2. Dissociatie van urotheelcellen

  1. Voorbereiding voor celdissociatie
    1. Bereid alle steriele instrumenten voor, inclusief tang, chirurgische scalpels (een mes van maat 10 met handvat), steriele DPBS in kweekschalen van 35 mm, compleet kweekmedium zonder houtskoolgestripte FBS gedefinieerd als CCM(-), collagenase/hyaluronidasemengsel, recombinant enzym voor trypsinevervanger, 10% houtskoolgestripte FBS in DPBS met 10 μM vers Y-27632, een steriele celzeef van 100 μm en een centrifugebuis van 15 ml.
      OPMERKING: Het volledige kweekmedium (CCM) bestaat uit borstepitheelcelgroeimedium aangevuld met de verstrekte groeifactoren en 5% houtskool-gestripte FBS, 1% L-glutaminevervanger, 100 μg / ml primocine en 10 μM vers Y-27632.
  2. Gehakt en vertering van de blaas
    1. Breng de blaas over en was deze opnieuw met 2 ml steriele DPBS in een schaal van 35 mm in een bioveiligheidskast.
    2. Verzamel blaasdoekjes van vier muizen in een schaal met 1 ml CCM(-) en hak elke blaas in vier gelijke stukken met een chirurgisch mes. Gebruik een tang om de blaas uit te vouwen om het urotheeloppervlak bloot te stellen aan het medium.
    3. Breng de blaasstukken en het medium over in een centrifugebuis van 15 ml. Was de schaal met 2 ml CCM(-) 2x en verzamel deze in een centrifugebuis tot een totaal volume van 5 ml.
    4. Voeg het collagenase/hyaluronidasemengsel toe tot een eindconcentratie van 300 E/ml collagenase en 100 E/ml hyaluronidase en plaats de buis horizontaal in een 37 °C orbitale broedschudder gedurende 30 minuten bij 200 tpm.
    5. Voeg na weefselvertering een gelijk volume (5 ml) van 10% houtskool-gestripte FBS in DPBS toe aan de buis en centrifugeer de buis gedurende 5 minuten bij 200 x g .
    6. Verwijder het supernatant en gooi het weg. Voeg 2 ml trypsinevervanger toe aan de celkorrel en meng goed. Plaats de buis in een celincubator bij 37 °C en 5% CO2 gedurende 4 min.
    7. Pipetteer na incubatie 10x op en neer met een standaard P1000-tip. Voeg 5 ml 10% houtskoolgestripte FBS toe in DPBS.
    8. Zeef de gedisassocieerde cellen door een steriele celzeef van 100 μm. Verzamel de celsuspensie en centrifugeer bij 200 x g gedurende 5 minuten.
  3. Cellen tellen en resuspending
    1. Verwijder het supernatant en gooi het weg. Resuspend de celkorrel met 1 ml CCM.
    2. Tel het aantal cellen met behulp van een hemocytometer en plaats slechts 0,5 x 106 cellen in een put van een 24-putplaat met 0,5 ml verse CCM. Haal op dit moment de matrixextracten van Engelbreth-Holm-Swarm muizensarcoomcellen (zie Tabel met materialen) uit -20 °C opslag en ontdooi op ijs. Verwarm een 6-well plaat voor in een celincubator van 37 °C.
      OPMERKING: De resterende cellen kunnen worden gecentrifugeerd en ingevroren als celpellets voor niet-virustransductiecontrole.

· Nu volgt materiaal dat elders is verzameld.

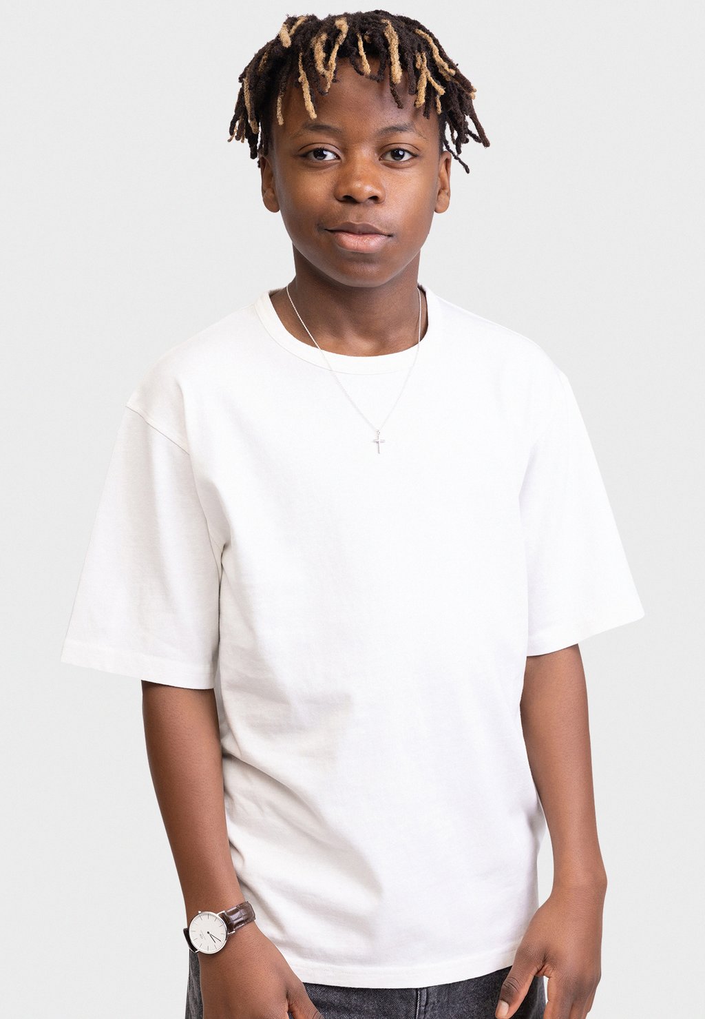 Рост модели: Человек на фото имеет рост 150 см и носит размер 152.

3. Adenovirale transductie en plating organoïden

LET OP: Wees voorzichtig bij het verwerken van adenovirus. Laboratoriumpersoneel moet bioveiligheidsniveau 2-praktijken volgen en adenovirus desinfecteren met 10% bleekmiddel.

  1. Voeg 2 μL adenovirus (Ad5CMVCre; 1 x 107 PFU/μL) toe aan de 24-well plaat. Meng goed met de gedisassocieerde urotheelcellen.
  2. Om de transductie-efficiëntie te verbeteren, voert u spinoculatie uit door de 24-wells plaat gedurende 30 minuten bij kamertemperatuur op 300 x g te centrifugeren. Plaats de 24-well plaat in een celincubator bij 37 °C en 5% CO2 gedurende 1 uur.
  3. Breng cellen en medium uit de put over in een buis van 15 ml en centrifugeer gedurende 5 minuten bij 200 x g . Verwijder en gooi het supernatant weg, voeg 50 μL CCM toe en meng goed met de cellen aan de onderkant.
  4. Voeg 140 μL matrixextract toe en meng voorzichtig goed om luchtbellen te voorkomen. Voeg de oplossing snel toe aan de voorverwarmde 6-putplaat bij 50 μL/koepel om koepels voor organoïden te creëren.
  5. Breng de plaat voorzichtig over in een incubator van 37 °C met 5% CO2 en laat de koepels gedurende 5 minuten stollen. Draai de 6-putplaat ondersteboven en ga nog eens 25 minuten door met stollen.
  6. Voeg na incubatie 2,5 ml CCM toe aan elke put en plaats de plaat in een incubator voor organoïdekweek.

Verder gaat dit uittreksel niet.